Страсти-Мордасти? Да, это рассказ не плохой. Женщина, рожавшая в степи.
Рождение человека? Да, был такой день. Помнит, еще был день: у молодого
мужика, приехавшего на ярмарку и наторговавшего денег на свое молодое
хозяйство, свинья съела бумажник. Мужик пошел под навес и удавился. Жена
бросилась к нему, в это время свинья съела грудного ребенка. Он, Горький,
въезжал на телеге в город. Он видел, как навстречу ему бежит женщина, - она
так бежала, точно не по земле, и лица у нее не было, а так что-то (он
показал какое-то круговое движение вместо лица), она пронеслась мимо него,
вбежала на стоявшую у берега баржу и - с другого конца - в воду.

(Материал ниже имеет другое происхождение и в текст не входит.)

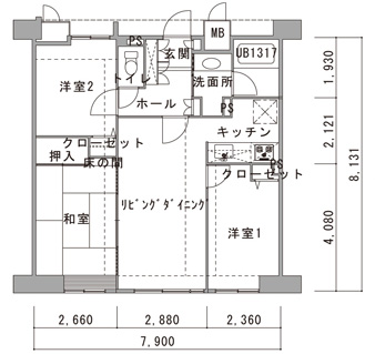 洋室をLDKに取り込み、キッチン前の壁をぶち抜いて対面にしました。
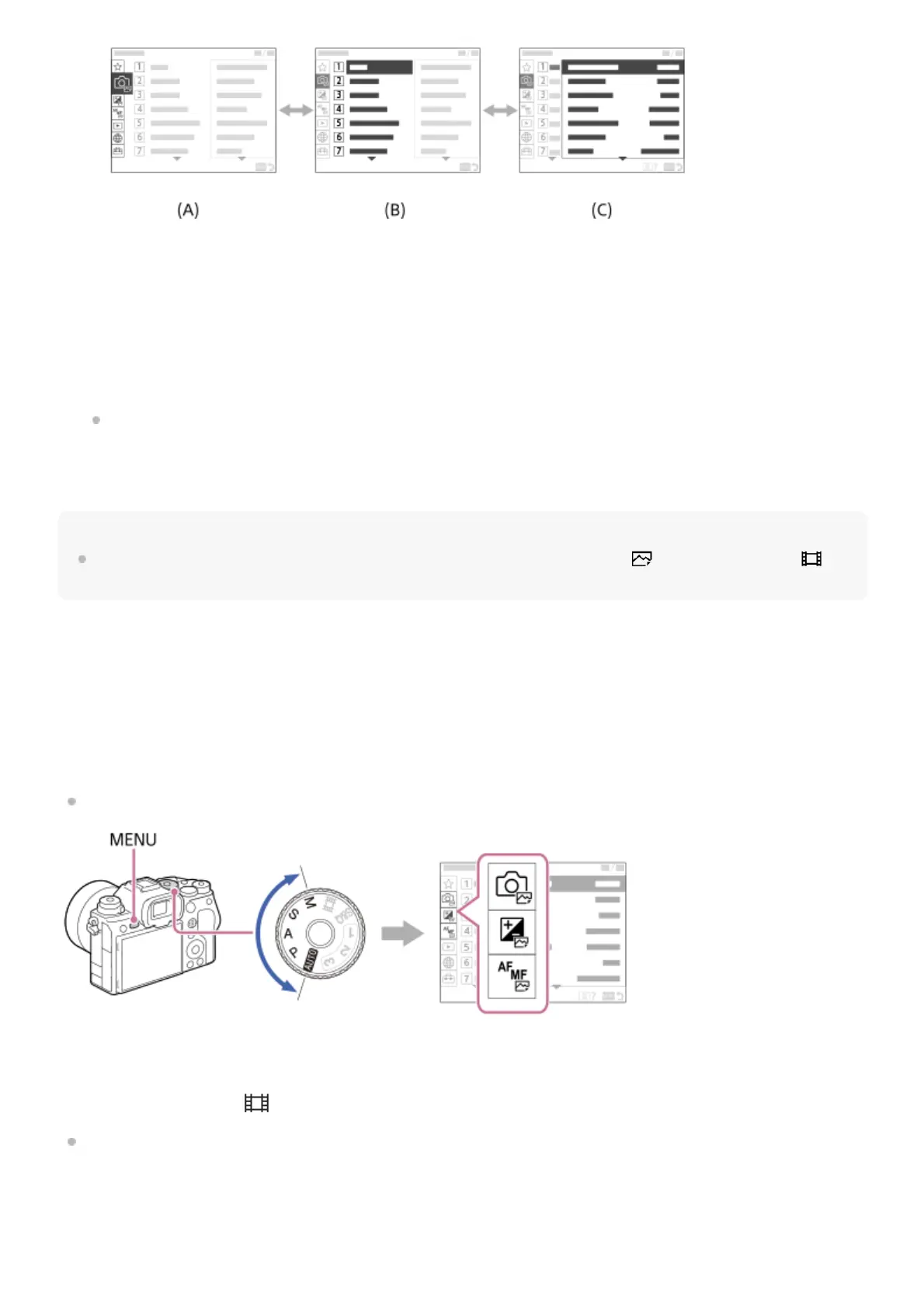 Since you can record movies with the MOVIE (Movie) button even in the still image shooting mode, some basic movie menu items are also
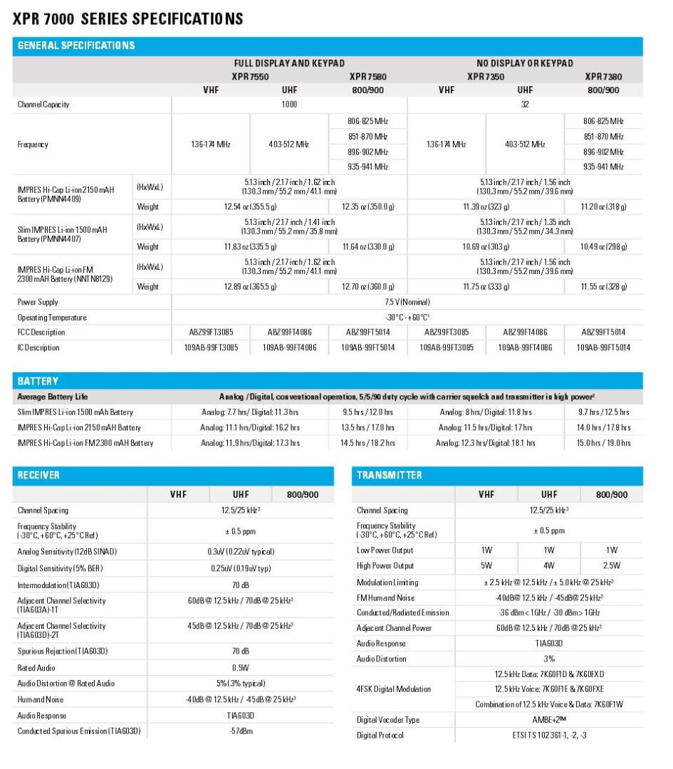 XPR 7000 Series radios meet the most demanding specs, including IP57 for water submersibility and U.S. Military 810 C, D, E, F, & G standards for exceptional durability. The radio is also “intrinsically safe” when purchased and equipped with an intrinsically safe (FM) battery, for use in environments where flammable gas, vapors or  combustible dust may be present. and it’s backed by a two-year Standard Warranty, one-year Repair Service advantage (US)/Extended Warranty (Canada) and minimum  1-year warranty for batteries and accessories.

Он рассказывает о дефективных детях, над которыми работал в Ленинграде:
помнит он девочку исключительной [232] талантливости, красоты и изящества -
очаровательная девочка. Воровка.
Подробно, все перипетии ее жизни, - как бились с ней, как ее тянуло к
воровству; ловкость - необычайная; сцена в трамвае, где она, якобы в
благодарность за заботы о ней, выдала шайку карманных воров, а на самом деле
поиздевалась, приведя с полицейским агентом совершенно невинных людей.
Освободила из тюрьмы друга-подростка.
Мальчик - слесарь гениальных способностей. Замков - не существовало. Из
трех головных шпилек делал модель замка, которую никто не мог открыть.
Совершенно холодное существо. К людям - презрение. Никогда не работал при
ком-нибудь. Вежливо прекращал работу и поддерживал разговор, ожидая ухода.
Из так называемой хорошей семьи. Вор.
На мой вопрос, можно ли любить таких?
- Можно.
- Жалостью?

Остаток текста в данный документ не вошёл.